There is no ERP system which reflects all corporate processes, it is possible however, to reconsider the process landscape in the company and adapt the processes to the software. This results in a standard solution or a solution which is close to the standard (“vanilla ERP”). Vanilla ERP offers advantages compared with modified solutions in the maintenance, upgrades, the ability of manufacturer support and the support by external consultants. Adapted ERP systems offer the advantage that the adjustments help to support the existing processes and that no or only slight Business Process Reengineering (BPR) has to be carried out. This is particularly important for the replacement of legacy systems because the users are used to do things in a certain way and some companies don’t have the willingness to change. There are also industry-specific solutions (specific ERP solutions which support specific processes of various industries, e.g. retail, automotive or the meat industry), which allows a solution close to the standard. These branch solutions are sometimes offered by the main software vendor itself and sometimes by 3rd party suppliers.

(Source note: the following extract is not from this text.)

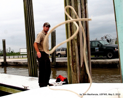 Drew Wirwa casts off the line to launch the twin-v 24 foot to motor to North Breton, part of Breton NWR.

One objective of this chapter is to show the increasing importance of ERP-implementations in healthcare institutions. One reason for that is the business change which took place over the last years. Costs are more important for healthcare institutions than 20 years ago. The healthcare sector is now challenging with similar issues as the private sector companies.

Another objective of this chapter is the field of critical success factors which were identified by literature review and to figure out if there are specific success factors within the healthcare industry or not. As a fist implication of this the success factors which seem to occur just during implementations or projects in healthcare are described and an explanation for this is demonstrated. In the section with the success measurement models the author lists the possibilities of how success of ERP systems can be measured through success measurement approaches which were identified in the literature. The different areas of application, the strengths and the weaknesses of the models are shown. At the end of the chapter the success measurement models of the health informatics are investigated and compared to the more general models identified before. Interesting similarities were found but there are also some differences existing.

In general success measurement projects are usually divided in the following three categories (Auer, 2004):

  • Ex-Post measurement: What benefits or harms were provided or caused by ICT systems in the past?

  • Ex-ante measurement: What benefit or harm will provided or caused by ICT systems in the future?

  • Real-time observation: When, where and how must be intervened to realize the potential benefits and prevent potential damage caused by a non working system?